統計によると火災の損害額は1件あたり244万円(※1)程度ですが、家が燃えてしまって、家を建て直す必要がある場合は、到底この金額で建て直すことはできません。
いったん火災が発生すると、建物が燃えるだけではなく、家具や家電、身の回り品など家財にも被害は及びます。
たとえ全焼しなかったとしても、消火活動によって消火剤や水をかぶり、家財は使いものにならなくなったという話はよく聞きます。
さらに、鎮火後も、再建のための解体や後片付け費用、仮住まいが必要なときの費用、近隣に迷惑をかけた場合の失火見舞費用など、予想外に出費が大きくなる可能性もあります。
このように、万が一が発生したときに役に立つのが火災保険(住宅総合保険)です。火災保険は「建物」と「家財」に分けて契約します。
住宅ローンを組む際に、万一、火事で自宅が燃えてしまって、ローンだけが残ってしまうようなことを避けるためにも、建物に関しては火災保険に加入するのが一般的です。最近は減ってきましたが、火災保険金が金融機関(保証会社)に優先的に支払われるように「質権設定付」の火災保険を義務付ける金融機関もあります。家財の契約は自由ですが、万一のときに建物を建て替えるだけでも大変ですから、家財の補償もあると安心です。
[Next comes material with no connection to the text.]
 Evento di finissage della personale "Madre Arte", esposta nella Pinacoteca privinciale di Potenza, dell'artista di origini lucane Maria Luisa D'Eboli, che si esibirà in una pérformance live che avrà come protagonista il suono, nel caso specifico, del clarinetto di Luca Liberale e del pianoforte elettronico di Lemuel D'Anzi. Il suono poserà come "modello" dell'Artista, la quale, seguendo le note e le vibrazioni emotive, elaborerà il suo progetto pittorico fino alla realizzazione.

「うちはオール電化だし、たばこも吸わないから大丈夫」と思っている人も、隣の家からのもらい火で自宅が燃えてしまった場合はどうでしょう。「失火の原因に重大な過失がないかぎり、失火者は損害を与えた人に対して責任を負わない」という法律(民法709条 失火責任法)があるため、火を出した隣の人が補償してくれるわけではありません。つまり、自分の家は自分の火災保険で守る必要があるのです。
一方、賃貸住宅の場合、建物自体は大家さん(貸主)が所有しているため、火災保険も貸主が加入しています。しかし、入居者(借主)は貸主に対して、原状回復をする義務を負っているため、万一火事を出してしまった場合も、入居者の責任で元通りにしなければなりません。そのための、賃貸の人が加入する火災保険は、家財の補償に「借家人賠償責任補償」を付けたものが一般的です。
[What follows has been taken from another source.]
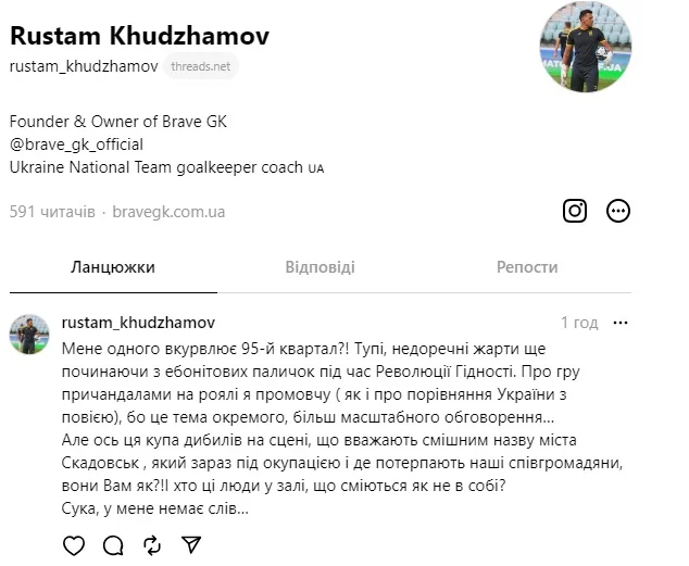 Але ось ця купа дебілів на сцені, що вважають смішним назву міста Скадовськ, який зараз під окупацією, і де потерпають наші співгромадяни, вони вам як?! І хто ці люди у залі, що сміються як не в собі? С**а, у мене немає слів…", – написав Худжамов у соцмережі Threads.

火災保険は、火災だけではなく、水災や風災、雪災など自然災害も補償してくれます。 洪水や土砂崩れ、台風や竜巻などによって甚大な損害を被る可能性がありますので、「住宅の補償」として考えるといいでしょう。
「図1 保険金の推移」のグラフからもわかるように、保険金の支払いのうち、「火災、落雷、破裂・爆発」を原因とするものは横ばいなのに対して、自然災害に対する支払いは大きく変動していることがわかります。
高台にあるから、マンションの2階だから「水災は不要」など、物件の立地条件によって必要な補償を選ぶこともできます。
(図1)保険金の推移
そのほか、火災保険で補償する内容 には以下のようなものがあります。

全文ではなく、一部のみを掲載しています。